Subventions et des contributions :
Subvention ou bourse octroyée s'appliquant à plus d'un exercice financier. (2017-2018 à 2022-2023)
To cope with a continuously changing environment, the human brain has evolved an impressive ability to flexibly adjust, from one movement to the next, its motor commands. Such learning is a hallmark of any intelligent system and is central to human cognition and behaviour. Yet, the mechanisms that support sensorimotor learning and updating, and which allow acquired skills to be readily transferred to new contexts, remains poorly understood. The broad aims of the research program proposed here are to (1) better understand the mechanisms and strategies through which individuals learn sensorimotor tasks, (2) explore how this learning can be improved and better generalized, and (3) better understand the neural circuitry that supports sensorimotor learning and updating. The proposed research consists of three separate projects.
Project 1:
An important feature of the success of many well-learned skills is that they generalize to new contexts. Yet, the ways in which such generalization might be maximized has received very little attention and has important practical benefits for workplace, musical and sports training.
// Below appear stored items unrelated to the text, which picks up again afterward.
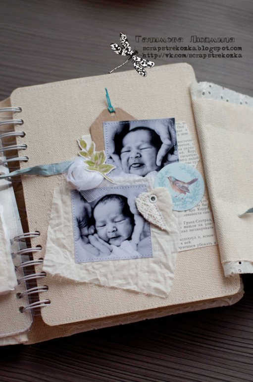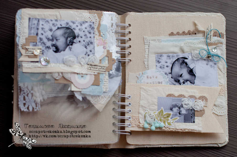 Альбомы ДетскиеПокажу еще один альбомчик. Давно хотела сделать что-то из ткани и кружев, но мне все не нравилось, что в тканевых альбомах странички мягкие. Поэтому я решила их сделать иначе: часть страниц сделана из картона, обтянутого тканью, а часть элементов сделала мягкими, текстильными, плюс любимые мною прозрачные странички. Весь альбом получился нежным и воздушным и посвящен он самому сладкому моменту: моменту рождения моего младшенького сыночка. На фотографиях ему всего 5 дней от роду.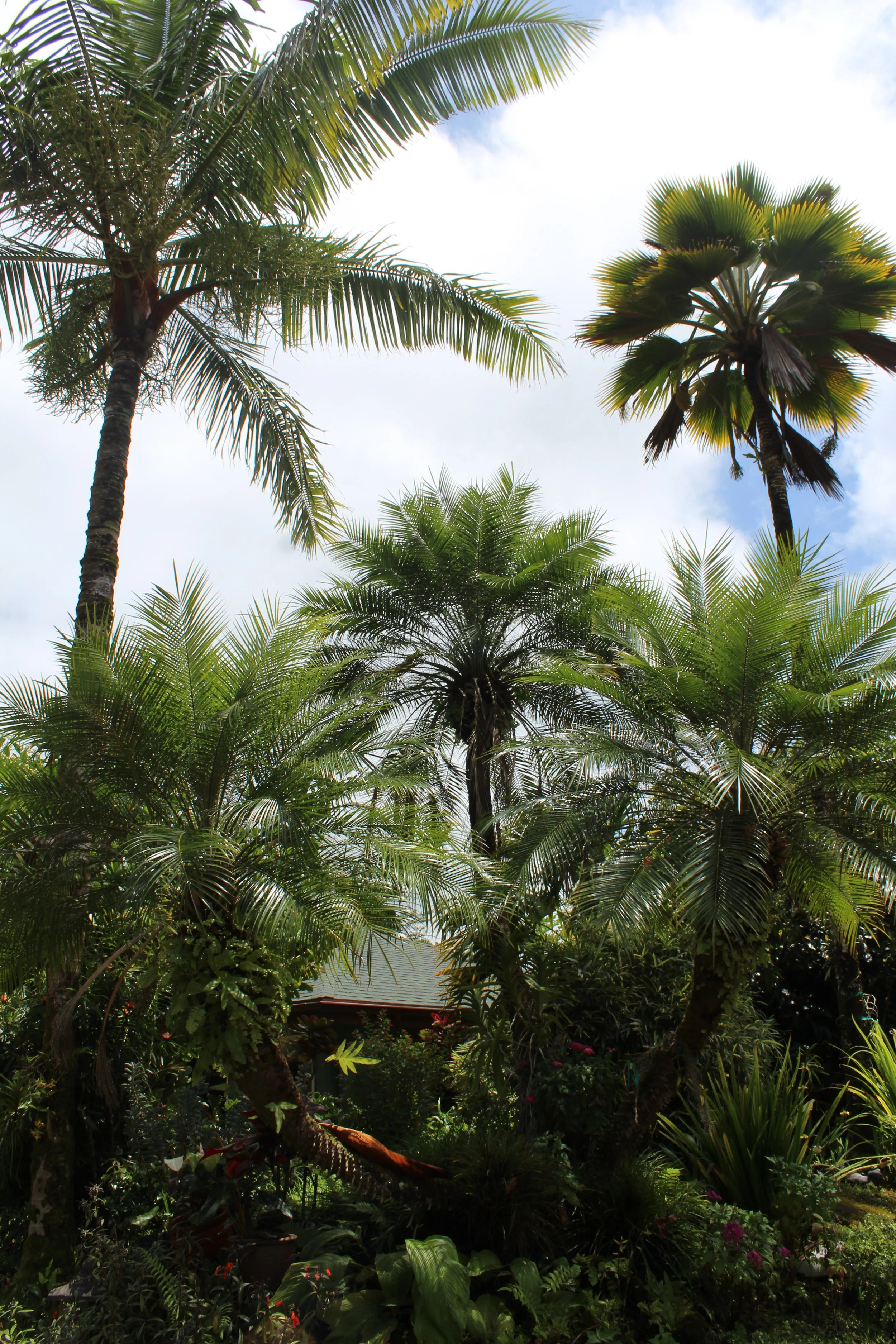 Whimsical triple-trunk Date Palm under the Teddy Bear Palm and Loulu Palm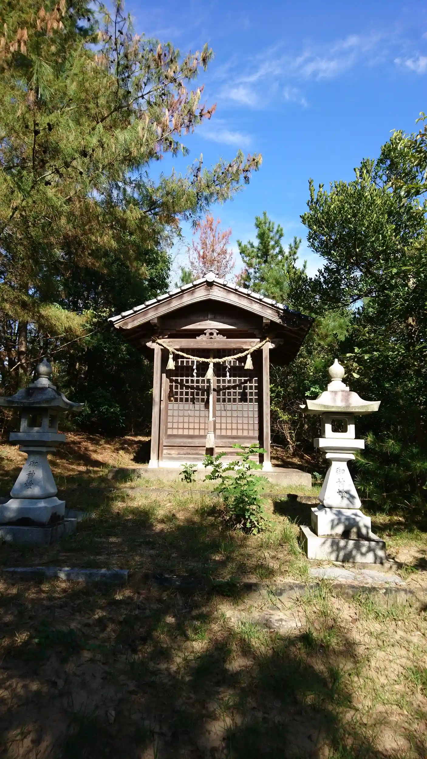 小さな神社です。鳥居はありませんでした。神社の手前を左に行くと景色の良い展望台があります。左側に久美浜湾、右側に日本海が見えます。絶景でした😉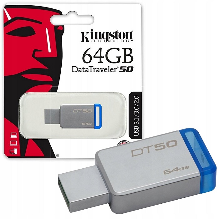 USB-флэш 64 ГБ Kingston DataTraveler 50 (DT50/64GB); USB 3.0; серебристый/синий
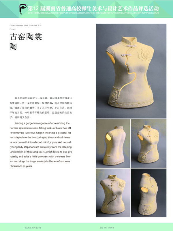 我院美术系教师张瑶燕作品《年前的守候》获教师组一等奖;周朝晖作品《古窑陶赏》获教师组二等奖;梅君艳、张楠、张艳武作品《相遇的电波》获教师组三等奖;黎波作品《环保轮胎椅》获教师组优秀奖。学生龙炎平作品《稻花湘》获一等奖,指导老师为聂进;蒋冬琴作品《Athena》获一等奖,指导老师为张晶晶;张雅静作品《Time Track》获二等奖,指导老师为周朝晖;李奥林作品《精在咫尺》获三等奖,指导老师为黎波;王雪莉作品《Colorful black—涂鸦工作室》、李莹作品《私人订制—办公空间环境设计》、唐清萍作品《素色主题餐厅设计》、吴晶晶作品《Pink Pearl》获优秀奖,指导老师为李海海、焦立强、许少玲。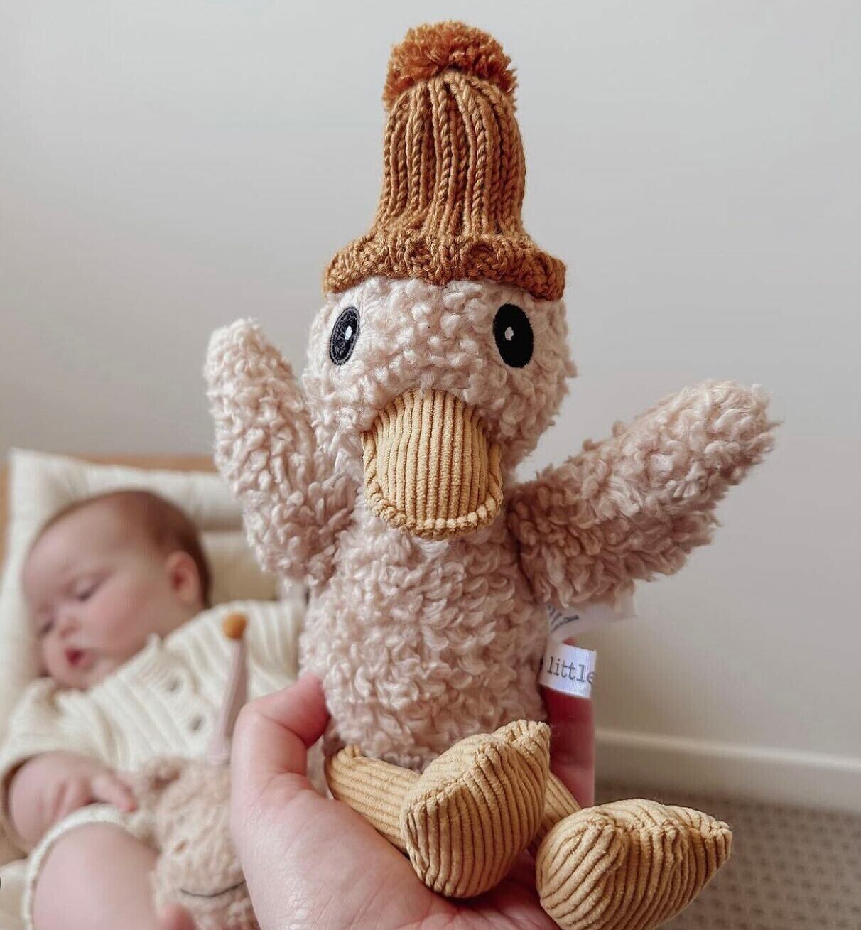 ユニークなコットンプラッシュ生地で作られたペチュニアダックのぬいぐるみです。

PROJECT 1, by manipulating participant sensory feedback, will determine how skills acquired with one hand can be best generalized to the other, untrained hand. In addition, using neurostimulation tools, we will assess the causal neural mechanisms underlying this generalization.
Project 2:
Society often takes the view that, whereas the forgetting or loss of information is to be prevented and remedied, the retention of information is to be practised and improved. While this may be true of many of our declarative memories (e.g., remembering family members, facts, figures, etc.), it is critical that our motor systems have the capacity to suppress certain types of learning that can interfere with overall task performance. PROJECT 2 will test the hypothesis that the motor system, in situations in which the interference effects associated with learning two separate tasks overrides the gains associated with learning each of those tasks, will intelligently suppress learning the less valued task.
Project 3:
Motor learning is often examined using adaptation tasks in which individuals are required to respond to unusual forces or changes in visual feedback. However, significant learning also occurs in standard everyday tasks, as when acquiring the weight of an object lifted for the first time. We recently showed that object weight information, gained through lifting, is represented in the ventral visual pathway. However, the causal role of this representation in object motor interactions remains unclear. PROJECT 3 will use functional MRI and neurostimulation tools to causally assess the role of the ventral visual pathway in weight encoding and determine how perturbing the activity of ventral visual areas disrupts the activity of interconnected regions in frontoparietal cortex.